● Mozilla began collecting Chinese phonetic data in mainland China, further enriching its public voice data set
● Voice files in 27 different languages have been collected and will be expanded to support 72 languages
● Common Voice is the largest open source voice transcript dataset ever, and its newly released database includes voice files recorded in 18 languages from more than 42,000 contributors for a total length of 1,400 hours.
The voice interface is the general trend of the Internet in the future. Car voice assistants, smart watches, smart light bulbs, etc... The equipment with built-in voice recognition technology is growing day by day. However, innovations in related technologies still face significant obstacles: innovative companies, researchers, or developers who are interested in creating voice-assisted solutions need to obtain a large amount of voice data transcribed into text to train machine learning algorithms.

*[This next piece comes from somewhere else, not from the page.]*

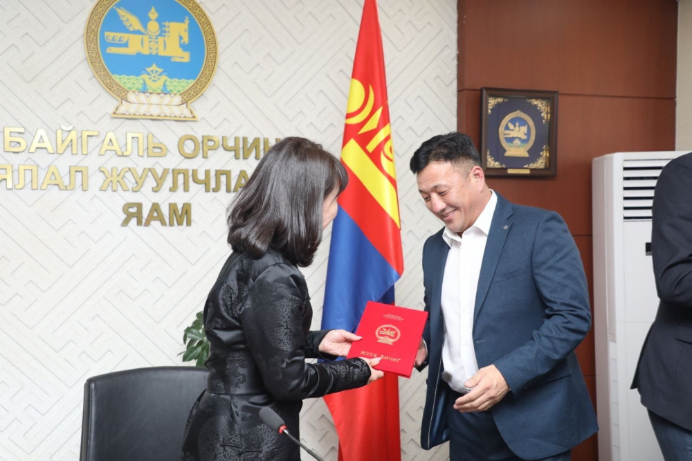 2016 оноос хойш төрийн албанд зүтгэл гарган ажиллаж буй Байгаль орчин, аялал жуулчлалын яамны жолооч Шарав-Арилдын Цолмонд Байгаль орчин, аялал жуулчлалын яамны жуух бичгийг гардуулав.

However, the amount of voice data and the number of supported languages in the existing public voice data sets are extremely limited, and the private voice data is not only in the hands of a few companies, but also has a high cost.
Therefore, Mozilla has been in operation since June 2017.Common VoiceThe plan is to establish a global open source voice database to cope with the development needs of voice interfaces and to break through the current market limitations. Mozilla believes that such interfaces should not be held in the hands of a handful of vendors with voice service technology, and hopefully allow users to absorb and understand information in their own language and familiar tone.

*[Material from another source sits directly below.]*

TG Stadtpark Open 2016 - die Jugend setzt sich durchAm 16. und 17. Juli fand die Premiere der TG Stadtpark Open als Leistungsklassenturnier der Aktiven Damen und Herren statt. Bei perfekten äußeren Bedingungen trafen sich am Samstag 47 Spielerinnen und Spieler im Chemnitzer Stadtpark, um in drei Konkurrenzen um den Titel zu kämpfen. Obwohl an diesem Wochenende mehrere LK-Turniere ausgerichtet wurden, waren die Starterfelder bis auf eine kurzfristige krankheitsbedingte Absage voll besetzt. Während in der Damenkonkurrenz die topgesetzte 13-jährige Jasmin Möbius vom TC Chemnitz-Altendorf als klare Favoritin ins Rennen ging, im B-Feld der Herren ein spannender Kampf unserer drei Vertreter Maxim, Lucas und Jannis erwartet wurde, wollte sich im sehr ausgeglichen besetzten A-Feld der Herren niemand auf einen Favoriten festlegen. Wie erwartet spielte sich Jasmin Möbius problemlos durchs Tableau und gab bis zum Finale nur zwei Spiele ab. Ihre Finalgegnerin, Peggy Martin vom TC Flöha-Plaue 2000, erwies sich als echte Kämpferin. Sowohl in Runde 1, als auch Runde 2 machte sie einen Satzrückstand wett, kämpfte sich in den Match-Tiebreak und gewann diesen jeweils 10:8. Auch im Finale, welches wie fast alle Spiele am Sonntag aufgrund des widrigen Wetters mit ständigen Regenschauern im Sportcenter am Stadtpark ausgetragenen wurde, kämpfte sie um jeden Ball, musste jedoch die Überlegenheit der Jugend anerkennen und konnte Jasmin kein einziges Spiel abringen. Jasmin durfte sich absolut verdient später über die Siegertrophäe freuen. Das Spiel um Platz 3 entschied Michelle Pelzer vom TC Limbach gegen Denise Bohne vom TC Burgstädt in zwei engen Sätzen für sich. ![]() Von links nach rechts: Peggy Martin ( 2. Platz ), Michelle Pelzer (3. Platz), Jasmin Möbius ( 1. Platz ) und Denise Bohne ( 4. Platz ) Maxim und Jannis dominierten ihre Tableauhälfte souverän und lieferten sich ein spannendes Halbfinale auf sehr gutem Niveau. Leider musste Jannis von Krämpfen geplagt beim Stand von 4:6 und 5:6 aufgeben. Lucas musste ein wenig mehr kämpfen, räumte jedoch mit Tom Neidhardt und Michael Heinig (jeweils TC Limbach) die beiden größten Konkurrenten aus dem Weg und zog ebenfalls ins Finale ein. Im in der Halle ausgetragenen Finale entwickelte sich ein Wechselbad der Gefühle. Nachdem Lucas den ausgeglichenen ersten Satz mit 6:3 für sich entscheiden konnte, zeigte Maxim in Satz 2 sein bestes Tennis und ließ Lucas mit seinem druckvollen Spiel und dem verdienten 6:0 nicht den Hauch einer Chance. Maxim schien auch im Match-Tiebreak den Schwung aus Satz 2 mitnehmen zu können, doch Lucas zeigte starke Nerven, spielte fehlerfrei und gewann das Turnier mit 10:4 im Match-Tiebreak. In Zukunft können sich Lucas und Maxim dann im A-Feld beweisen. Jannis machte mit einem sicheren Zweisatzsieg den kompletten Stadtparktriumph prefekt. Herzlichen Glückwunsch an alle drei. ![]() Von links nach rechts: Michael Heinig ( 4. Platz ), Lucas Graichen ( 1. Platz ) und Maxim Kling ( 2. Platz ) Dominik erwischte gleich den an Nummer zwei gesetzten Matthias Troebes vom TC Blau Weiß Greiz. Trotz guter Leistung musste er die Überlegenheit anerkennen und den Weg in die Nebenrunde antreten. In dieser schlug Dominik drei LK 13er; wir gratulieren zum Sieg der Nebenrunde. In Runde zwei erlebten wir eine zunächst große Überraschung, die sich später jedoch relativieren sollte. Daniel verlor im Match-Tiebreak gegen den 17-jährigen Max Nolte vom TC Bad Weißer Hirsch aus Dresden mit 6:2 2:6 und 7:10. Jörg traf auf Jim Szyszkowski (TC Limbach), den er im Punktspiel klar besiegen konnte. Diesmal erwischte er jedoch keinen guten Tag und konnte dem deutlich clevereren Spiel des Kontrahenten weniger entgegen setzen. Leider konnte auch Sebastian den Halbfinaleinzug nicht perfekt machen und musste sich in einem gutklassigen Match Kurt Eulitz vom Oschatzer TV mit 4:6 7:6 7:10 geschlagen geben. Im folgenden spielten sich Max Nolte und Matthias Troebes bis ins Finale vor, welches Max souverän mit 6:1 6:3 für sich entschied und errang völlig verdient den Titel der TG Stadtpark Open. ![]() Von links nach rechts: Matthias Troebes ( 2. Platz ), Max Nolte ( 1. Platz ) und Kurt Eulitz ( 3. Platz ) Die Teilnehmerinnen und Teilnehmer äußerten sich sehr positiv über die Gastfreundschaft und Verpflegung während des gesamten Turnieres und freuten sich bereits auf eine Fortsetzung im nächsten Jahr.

27 voice data including Chinese (Mandarin) have been collected
Common Voice began collecting multilingual voice data in June 2018. Since then, the project has grown and become more global and inclusive. Over the past 10 months, a large number of blood contributors have responded enthusiastically, launching a voice file collection program in 27 languages on the Common Voice website, and recording programs in up to 72 languages are underway.
The latest language to join is Chinese (Mandarin). Now, netizens all over the world can goHttps://voice.mozilla.org/zh-CNWebsite "donate sounds" or verify other people's recordings.
Voice contributors can choose to keep a record of their projects to keep track of their own recordings. In addition, demographic information can be optionally provided to assist Mozilla in improving the voice data used to train the speech recognition engine.
For other language data collected by Common Voice, Mozilla's goal for Chinese (Mandarin) is to accumulate approximately 10,000 hours of verified audio, as 10,000 hours of audio is sufficient to train a complete speech recognition system so that everyone can Together to promote the progress of speech recognition technology. Whether on the way to work, on the bus, during lunch breaks, at home, or when gathering with friends and family, you can passVoice.mozilla.orgWebsite oriOS app,if there isMobile phoneOr a computer, you can donate sounds or verify other people's audio.
George Roter, director of the Mozilla Open Source Innovation Program, said: "Even if a person only records or listens to a few seconds of audio, if the number of contributors is hundreds of thousands, the amount of data added will be amazing! When more people are willing to The value of this voice data set can be increased even faster."
Publish multilingual speech data sets
Mozilla will not forget the original intention and continue to enrich the content of the voice dataset, making it a public resource available to everyone. The first multi-language voice dataset was released in February this year, covering a wide range of audio recordings in 18 languages, including: English, French, German and Chinese (Taiwan) and other widely spoken languages, as well as Welsh and A relatively unpopular language such as Kabir. Common Voice has collected more than 42,000 people's recordings to date, with a total length of about 1,400 hours, and the amount of voice data continues to grow.
After the release of this data set, Common Voice has surpassed other voice data sets of the same type, and has opened tens of thousands of recording files and corresponding texts to the public.CC0Authorization). Anyone can goCommon Voice websiteDownload the complete voice data set.
George Roter further stated: “Mozilla is committed to promoting the development of a more diverse and innovative voice technology ecosystem. We not only hope to launch our own voice technology products, but also we are committed to supporting the development of researchers and small businesses. In the process of public multi-language voice datasets, we are honored to be helped by more and more people, and we are very grateful to the volunteers for their enthusiasm, so that we can successfully support Chinese Mandarin."